Up to 440,000 Patients May Die Each Year in US
Check out this article. Please!!! It’s from Propublica and is entitled “ How Many Die from Medical Mistakes in U.S. Hospitals?” by Marshall Allen. What Allen tells us is that way more people are dying from medical mistakes that we thought. The 1999 IOM report To Err is Human estimated there were 98,000 deaths a year from preventable medical errors. In 2010, another study by the Department of Health and Human Services (DSS) estimated that 180,000 Medicare enrollees were dying from medical mistakes. That was only Medicare recipients mind you. Now we have another study that tells us the number of preventable deaths may be even higher than 180,000. So between 1999 and 2013, we have made only statistical progress in registering how many more deaths we have than we estimated fourteen years ago.

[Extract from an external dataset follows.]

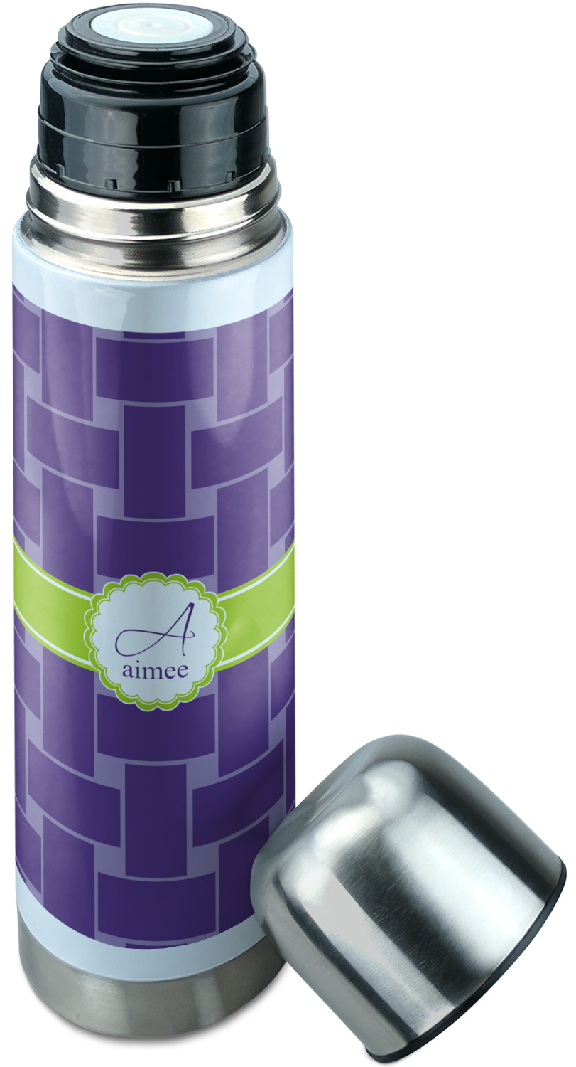 Manufactured from stainless steel, this thermos is built durably and double-walled insulated to preserve the temperature of your drink for hours. It also features a screw off lid that is made to also function as a small cup. Upon unscrewing this part of the thermos bottle, a pop-open, pour feature emerges. This feature allows you to slowly pour your beverage into your lid, ensuring a steady, controlled pour into your lid or other cup. With a capacity of 25 ounces, these large thermoses can hold several servings of your favorite beverage. Your customization is displayed all around the bottle with bright, vibrant color.

The fact that so many people are dying in US hospitals comes as no surprise to me. As I travel from state to state and hospital to hospital, I hear some great stories and some really terrifying ones. Sometimes I think it’s a miracle that more people aren’t dying and being injured. I have written about a number of the latter problems on my blog. Safety models like those developed in aviation are not being utilized nearly enough. Not enough people are working on genuine teams and get little to no team training. When hospitals do take advantage of excellent programs like TeamSTEPPS, the training may be a one time only event and not recurrent, or implemented in a way that does not integrate team lessons into actual practice. Doctors are still reaming out, blowing off, or otherwise discouraging nurses who try to point out patient safety errors. I have gone to many patient safety meetings over the past years, and few physicians are present, with nurses making up most of the audience. But RNs may also be as much part of the problem as the solution. Many RNs are in a discipline and punish mode. Nurses don’t listen to aides and do not include those lower on the health care ladder — those referred to as “nurse extenders” (like MDs refer to RNs as “physician extenders”) on what passes for a team.
Then there is fatigue and workload. Everyone who works in healthcare seems to be exhausted most of the time. This is not true only of physicians-in-training, whose work week has not been reduced far enough. Nurses are working 12- plus hour days. Physicians who are in practice, not training, are working 15- hour days or more. NPs in a hospital which I recently visited were workig 15 to 16 hour shifts routinely. Only one state, California has any nurse staffing ratios. And there are no regulations about the number of patients physicians can see in a day. Ditto for the workload of others in healthcare.
Or what about accessories. As Michael Gardam and I have written in our Boston Globe article “Medical Staff Need to Lose Their Ties and Rings,” walk down the corridors of US hospitals and ties wave in the breeze even though we know that they are carriers of bacteria. Nurses, doctors and other staff where rings, watches and bracelets when god knows what kind of bacteria is lurking beneath. In many hospitals there may not be unambiguous protocols for making sure reusable medical equipment really isn’t being reused. (See post “Is It Dirty or Is It Clean?)As for reporting systems, hospital management seems to either seesaw between tolerating reckless, dangerous practitioners (or as in the cases of Charles Cullen and Jayent Patel passing them on to other institutions) or to continue disciplining staff who make mistakes that were not due to recklessness at all. Some are even firing staff for such mistakes. In some cases, like Julie Thao in Wisconsin, some have been charged with a felony for an inadvertent error. In Texas RNs who tried to report serious medical mistakeswere charged with a felony for their patient advocacy. To state what should be obvious, this does not serve the cause of patient safety.
These are only some of the Swiss Cheese layers that have not been systematically addressed and that contribute to patient deaths and injuries. In my experience hospitals and other health care institutions race around dealing with one layer in the Swiss Cheese and then another, implementing one flavor of the month initiative after another, without making sure anything is permanently fixed and without constantly revisiting patient safety issues. Until these and many more layers are systematically dealt with, patients will continue dying and being injured.